While the government stated that it stood by its figures that Malaysia’s absolute poverty rate was only 0.4 percent (based on its poverty line income of RM980 per household) and vehemently denied the special Rapporteur’s accusations, the government also admitted to having started a process of revising the Poverty Line Income (PLI).
In a futile attempt to hold its head high, the government while agreeing that its poverty line income figures (PLI) are to be revised, is trying to imply that its efforts began well before the SR highlighted the issue.
In the "Report of the Special Rapporteur on extreme poverty and human rights on his visit to Malaysia – Comments by the State" (A/HRC/44/40/Add, 3, page3), the government childishly defends itself stating as follows
The Midterm Review of Eleventh Malaysia Plan, which was tabled in Parliament in October 2018, stated that the measurement of poverty to be revised in tandem with the cost of living. Therefore, the work on PLI revision has started earlier during the plan.
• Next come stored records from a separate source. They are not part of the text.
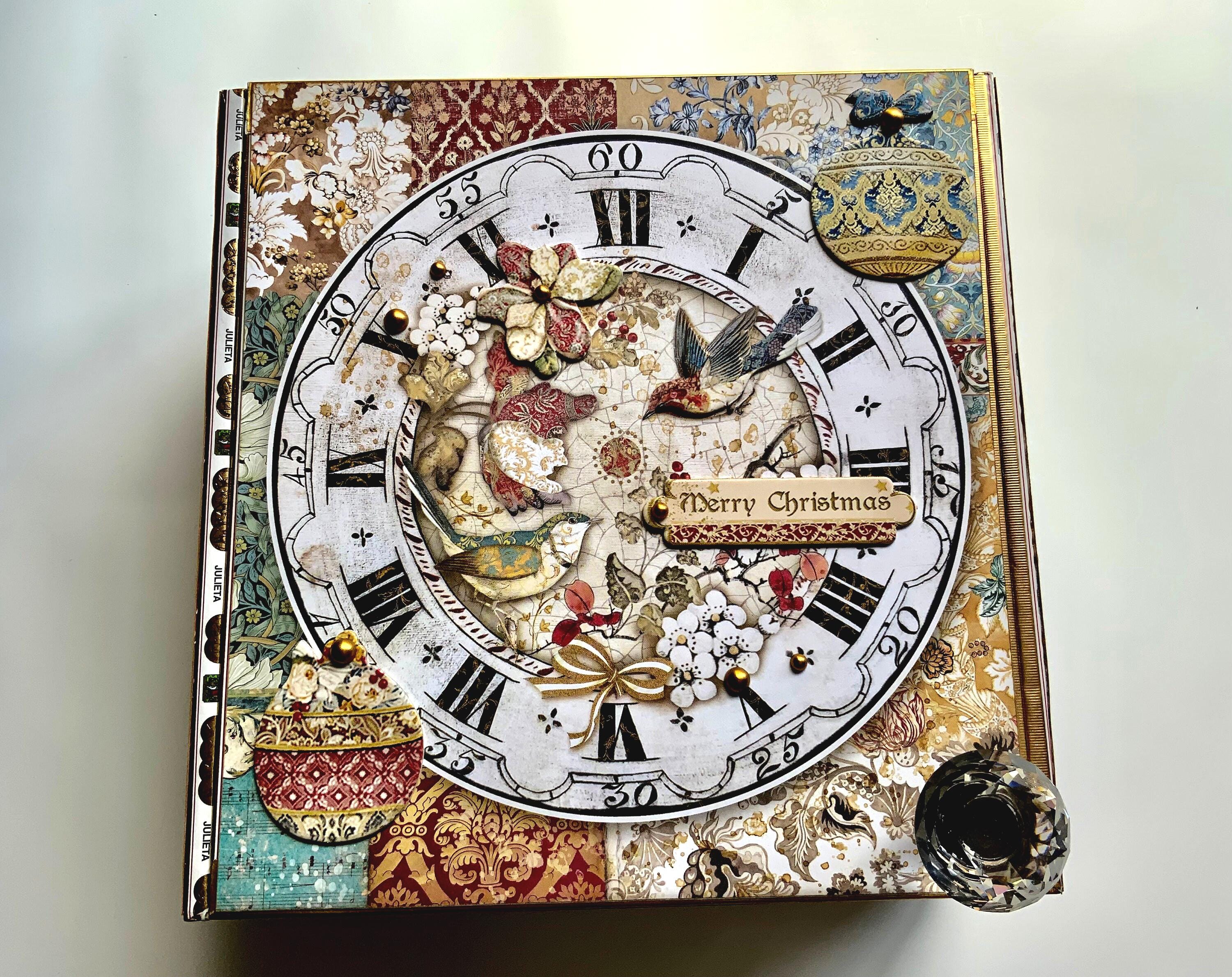 Ring in the magic of the season with this exquisite Christmas-themed embellished cigar box. The centerpiece is a grand vintage-style clock face layered with poinsettias, birds, and holly, all set against a richly patterned patchwork background in festive tones of red, gold, teal, and cream.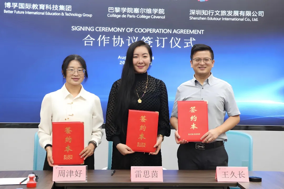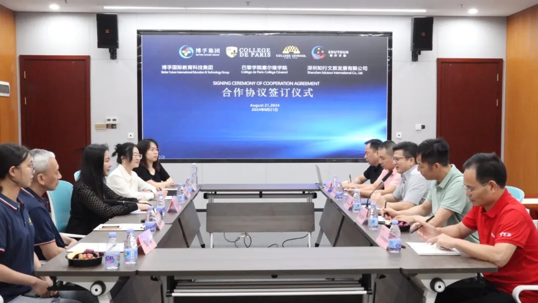 2024年8月21日上午,,,,尊龙时凯国际教育集团在开展国际教育业务方面迈出了坚实的一步。。集团董事长王久长校长、、、谢琳璘总裁、、谭正元副总裁、、黄智财副总裁和陈地长副总裁一道,,热情接待了法国巴黎学院塞尔维学院校长雷思茵女士、、中国区负责人梁伯柱先生、、、财务主管余子尉、、、行政助理Stella,,,以及深圳知行文旅公司执行董事周津好女士和吴穗婷女士一行,,,主宾三方一起举行了友好会谈并举行了隆重的合作协议签署仪式。。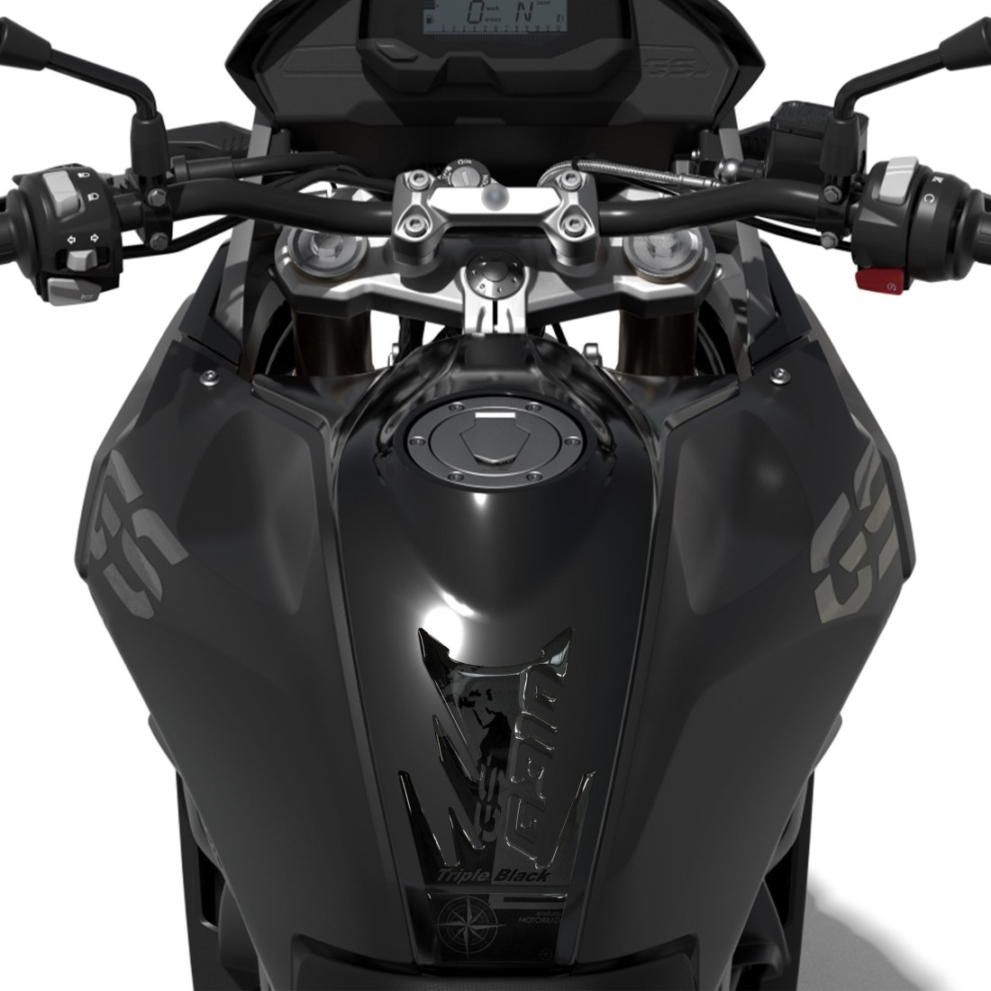 Protezioni adesive 3D compatibili con moto BMW GS 310 dal 2017 colorazione Triple Black. Adesivo resinato per proteggere e decorare il serbatoio della tua G310 GS dal 2017. Grafiche adesive per moto resinate effetto 3D, superficie lucida, per serbatoio moto modelli Triple Black GS 310 dal 2017.

As the SR’s visit was in August 2019, during a bilateral meeting with government agencies, the SR and his team had been informed that the need for PLI revision was published in the document. The Ministry of Economic Affairs (MEA) in collaboration with other relevant Ministries/Government Agencies has been working on their vision since March 2019.
So, if the PLI is ready to be reviewed then why hold on to the official poverty figures based on that flawed PLI?
Furthermore, the continued justifications that the official figures relate to absolute poverty and not relative poverty fails to serve its purpose. It’s incomprehensible how a PLI of RM980 reflects the minimum required to sustain one family healthily and actively irrespective of the location of the household under today’s cost of living. What is the purpose of retaining this unreasonable PLI?
In response, the government also claims that even though the PLI is kept at RM980 per household, the government since the 10th Malaysian Plan has shifted its focus to also address the relative poverty group (B40) which are categorised as having a household income of less than 50 percent of the median wage (RM2,614).
This involves around 1.08 million households or 15.5 percent of the households in Malaysia. But how does it help to eradicate poverty if the Department of Social Welfare refers to the RM 980 PLI to reject applicants?
PSM urges the government to throw away its egotistical shield and revise the PLI figures honestly. It should immediately mobilise its resources to assist the 15 percent of those households that have an income of less than RM2,614.
Instead of winning the academic argument on whether it’s defined as absolute poverty or relative poverty, the government should immediately reach out to the large section of our society who has been left out from government social programmes all this while.